Dataset entries:
++++++++++
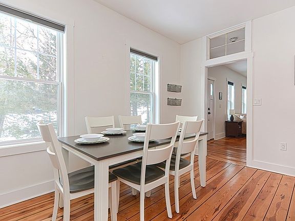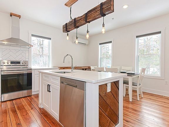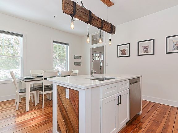 3 year young unit at Poor Farm Condos! Very exquisitely designed. 3 bed, 1.5 bath unit w/ 1 car garage & 1 deeded parking space. 9' ceilings & recessed lighting throughout! Sunny & bright living room w/ stunning wide plank chestnut flooring leads into Gorgeous kitchen w/ large island, stainless appliances, quartz counter tops. There is also a reclaimed wood breakfast bar featuring a counter top that converts to bench seating. Office space located off the kitchen. Half bath w/ reclaimed wood vanity & the utility room complete the 1st flr. Second floor offers primary bedroom also w/ wide plank flooring and a walk in closet with sliding barn door. Two additional bedrooms have plank floors and great closet space. A full bath boasts a beautiful tiled shower and double vanity made out of reclaimed wood along with a laundry area. Outdoor space features a brick patio with shared and private areas, granite posts, stone wall, post and rail fence and there is even a fenced in dog park!
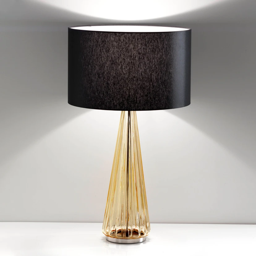 Die Tischleuchte Costa wird in Venetien hergestellt und verbindet eine klassische Leuchtenform mit einem zeitgemäßen Design. Mit ihrem schwarzen Textilschirm und dem Glasfuß strahlt sie eine zurückhaltende Eleganz aus, die jedem Raum eine stilvolle Note verleiht. Der schwarze Leuchtenschirm aus Textil sorgt für eine Lichtverteilung nach oben und unten, sodass Costa Rica sich hervorragend zur Ausleuchtung des Nachttisches eignet. Das geriffelte Glas des Leuchtenfußes ist mundgeblasen und in verschiedenen Farben erhältlich, was die Kombination mit unterschiedlichen Farbkonzepten ermöglicht.
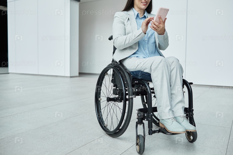 Молодая бизнесвумен в инвалидном кресле использует планшет
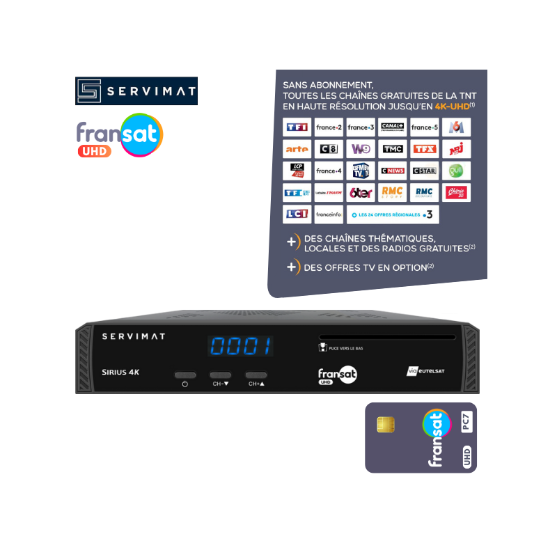 Récepteur satellite SERVIMAT SIRIUS 4K PVR Ready avec carte FRANSAT incluse. Profitez des chaînes gratuites de la TNT en 4K Ultra
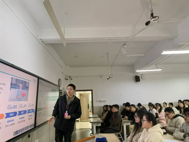 2025年11月27日上午,bat365平台官网物流学院2018届校友、现任武汉市黄陂快消仓HR的梁逸飞重返母校,为2026届毕业生带来一场干货满满的实习宣讲会,以校友身份搭建职场桥梁,助力学弟学妹明晰就业方向。
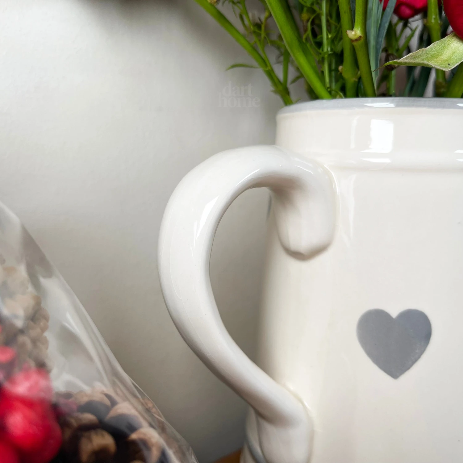This contemporary country style jug vase with faded grey love heart detail and grey trims, this jug vase is perfect for holding floral arrangements and will only enhance your wedding or kitchen table decoration.
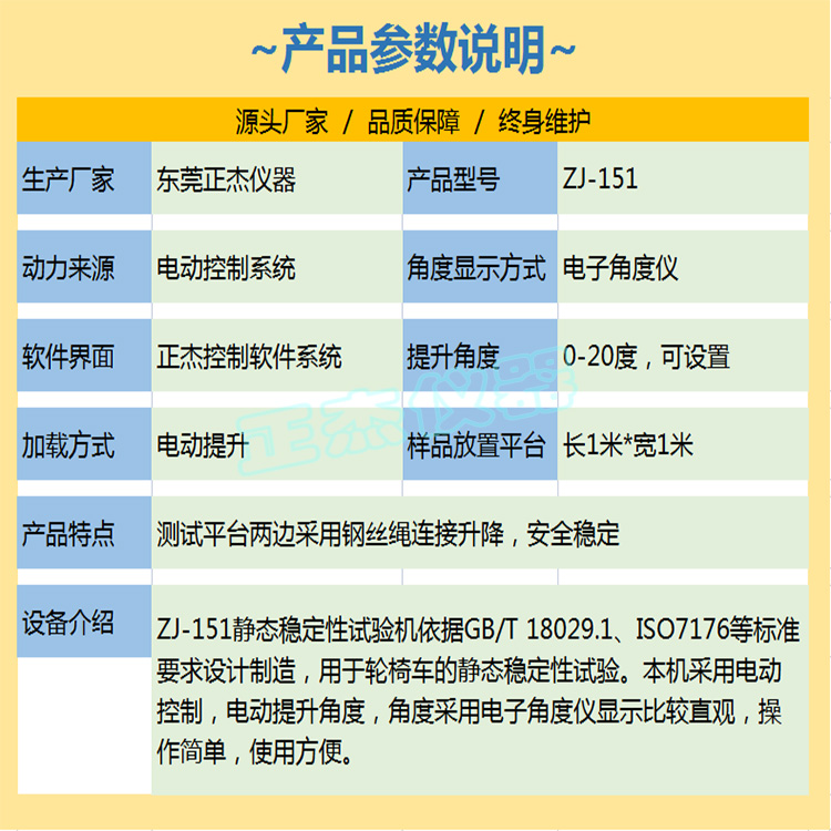 选择护理床斜坡静态稳定性试验台及轮椅车驻坡性能测试台,关键在于设备的精度、耐用性及服务体系。东莞市正杰仪器科技有限公司提供的不仅是产品,更是一站式解决方案,包括安装指导、操作培训及售后维护。此外,随着智能医疗的发展,这类试验设备将逐步向自动化和智能化方向升级,未来可通过联网实现远程监控和数据云存储,更好满足数字医疗管理需求。
++++++++++
§ Work item
Print the stretch of the data from the line with "This contemporary country" through its last line, exactly and with both ends kept. Omit pictures.

§ Solution to this task
This contemporary country style jug vase with faded grey love heart detail and grey trims, this jug vase is perfect for holding floral arrangements and will only enhance your wedding or kitchen table decoration.
 选择护理床斜坡静态稳定性试验台及轮椅车驻坡性能测试台,关键在于设备的精度、耐用性及服务体系。东莞市正杰仪器科技有限公司提供的不仅是产品,更是一站式解决方案,包括安装指导、操作培训及售后维护。此外,随着智能医疗的发展,这类试验设备将逐步向自动化和智能化方向升级,未来可通过联网实现远程监控和数据云存储,更好满足数字医疗管理需求。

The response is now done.